Data supplied:
Content starts
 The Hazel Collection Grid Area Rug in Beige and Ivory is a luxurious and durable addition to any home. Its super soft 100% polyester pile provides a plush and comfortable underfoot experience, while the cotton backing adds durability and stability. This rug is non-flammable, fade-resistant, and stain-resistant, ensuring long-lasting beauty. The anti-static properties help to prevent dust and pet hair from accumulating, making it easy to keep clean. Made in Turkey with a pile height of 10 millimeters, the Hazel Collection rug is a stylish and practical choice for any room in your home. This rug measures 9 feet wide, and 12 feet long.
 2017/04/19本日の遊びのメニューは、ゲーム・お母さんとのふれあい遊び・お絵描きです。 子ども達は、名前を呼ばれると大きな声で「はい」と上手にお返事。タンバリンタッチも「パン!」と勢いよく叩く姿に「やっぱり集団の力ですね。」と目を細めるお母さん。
Content ends
Content starts
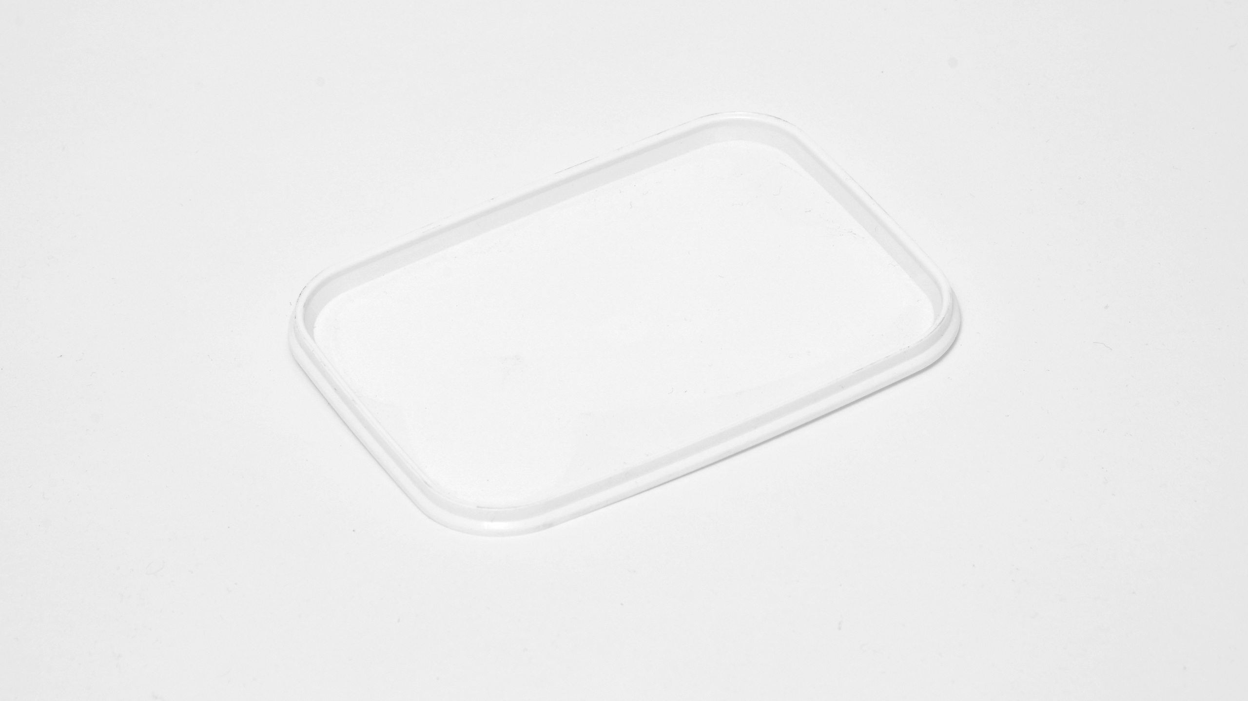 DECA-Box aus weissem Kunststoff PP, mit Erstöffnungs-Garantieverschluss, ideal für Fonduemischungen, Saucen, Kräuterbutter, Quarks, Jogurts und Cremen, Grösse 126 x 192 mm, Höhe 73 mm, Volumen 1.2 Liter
Content ends
Content starts
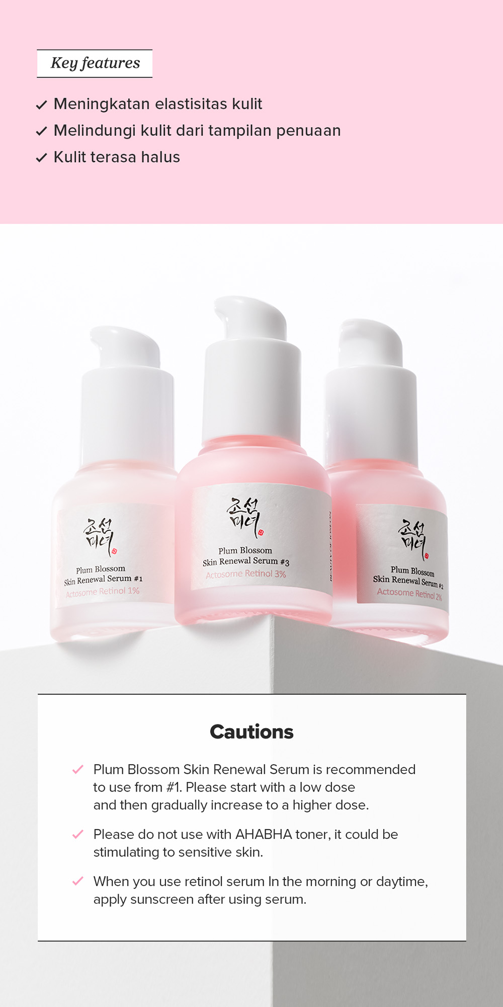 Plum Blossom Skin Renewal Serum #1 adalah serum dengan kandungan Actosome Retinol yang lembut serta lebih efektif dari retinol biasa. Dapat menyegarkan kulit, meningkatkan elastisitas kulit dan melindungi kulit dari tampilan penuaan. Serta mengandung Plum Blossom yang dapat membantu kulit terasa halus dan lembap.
Content ends
Task to complete:
Above are the records. Copy the lines beginning at the one that has "The Hazel Collection Grid" and ending with the one that has "2017/04/19本日の遊", unchanged.

Answer space:
 The Hazel Collection Grid Area Rug in Beige and Ivory is a luxurious and durable addition to any home. Its super soft 100% polyester pile provides a plush and comfortable underfoot experience, while the cotton backing adds durability and stability. This rug is non-flammable, fade-resistant, and stain-resistant, ensuring long-lasting beauty. The anti-static properties help to prevent dust and pet hair from accumulating, making it easy to keep clean. Made in Turkey with a pile height of 10 millimeters, the Hazel Collection rug is a stylish and practical choice for any room in your home. This rug measures 9 feet wide, and 12 feet long.
 2017/04/19本日の遊びのメニューは、ゲーム・お母さんとのふれあい遊び・お絵描きです。 子ども達は、名前を呼ばれると大きな声で「はい」と上手にお返事。タンバリンタッチも「パン!」と勢いよく叩く姿に「やっぱり集団の力ですね。」と目を細めるお母さん。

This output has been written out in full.